Best Practice OKR Drafting Process
Best Practice OKR Drafting Template
The best practice OKR drafting template offers a clear structure for brainstorming and drafting company-wide quarterly Objectives and Team OKRs.
The process of brainstorming OKRs will help you to see your most critical business issues and improvement opportunities clearly, and not mix them up with day-to-day operations.
Who will find it useful?
Cross-functional alignment is a must if you want your teams to move in the same direction. But leaders often struggle to keep everyone on the same page.
The OKR drafting template will provide a straightforward step-by-step process for leaders when writing and aligning Company Objectives and Team OKRs.
It will help you:
Visualise how goals on different levels fit together
Draw the line between outcomes (results) and outputs (deliverables) to prioritise better
Communicate the most important priorities at the ideation stage and get feedback from other teams
Figure out dependencies among different functional teams
What is the structure of the template?
Define what you want to achieve (which high level metrics or strategic priorities to impact).
Brainstorm business directions: what is your organisation-wide focus?
If you have a lagging Key Performance Indicator (for ex., website traffic has dropped from last quarter), where does this problem come from? In other words, what is broken? What do you need to fix?
If you are doing great in general but you want to grow faster, what is the most impactful improvement area you can go after? Is it a new market? A new audience? A new service line? Upselling to current customers? Building relationships? Forming partnerships?
3. Draft Team Objectives with the prompt: we will focus on [driving this change] to [solve this problem]
4. Draft Key Results: how will you measure change?

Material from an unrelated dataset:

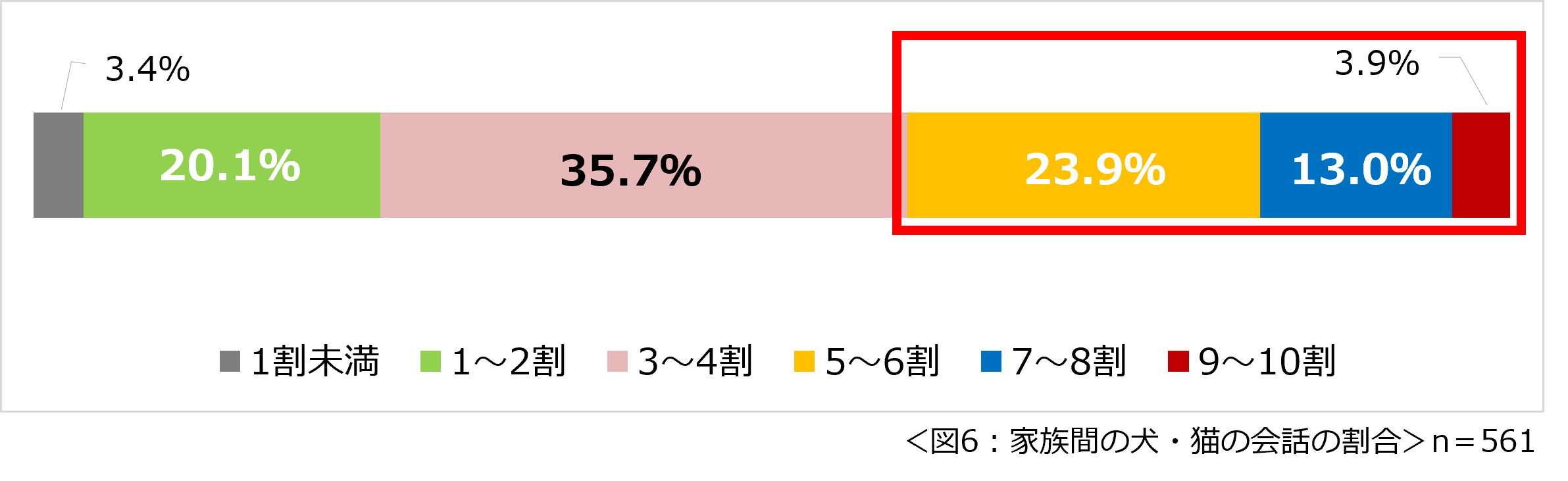 家族間での会話のうち、犬・猫に関する話題の割合は3~4割が最多。
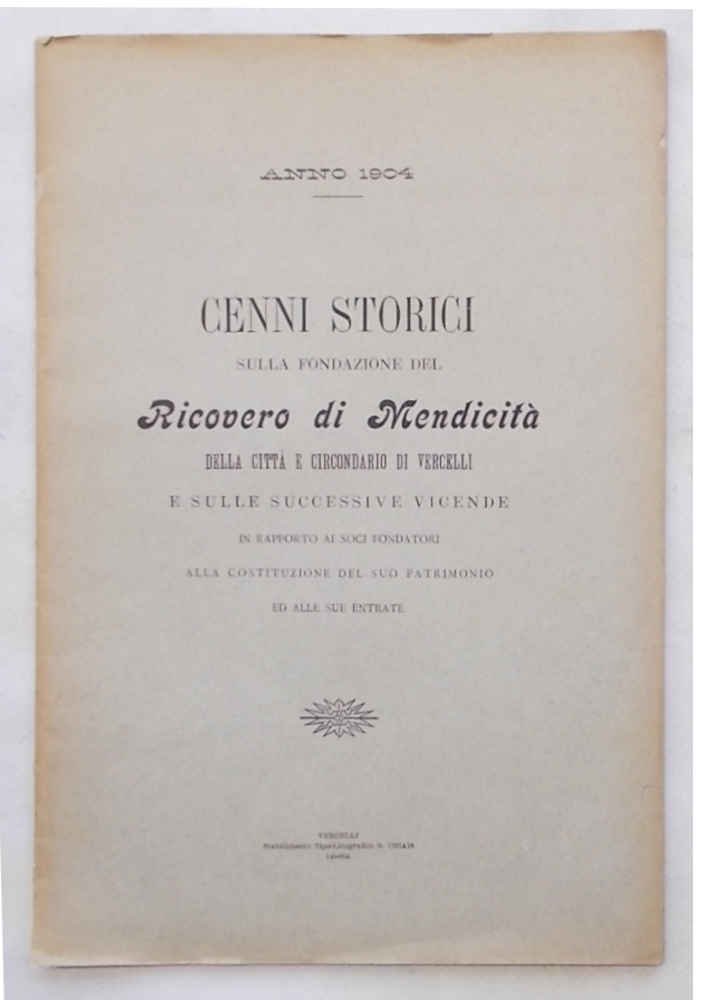 Cenni storici sulla fondazione del Ricovero di Mendicità della Città e circondario di Vercelli e sulle successive vicende…

5. Draft initiatives: what are you going to do to drive the outcomes you want to achieve
What are the benefits of OKRs?
Objectives and Key Results cover the areas you need to improve: from the ways you work (internal processes) to the ways you think about growth opportunities.
Whenever you feel like there are a billion improvements you absolutely have to implement, remember that in the beginner’s mind there are many possibilities, but in the expert’s mind there are few.
So keep your eyes on the prize, and don’t give in to distractions.
Good OKRs unite teams, create long-term improvement habits, and put you on a rocketship to success.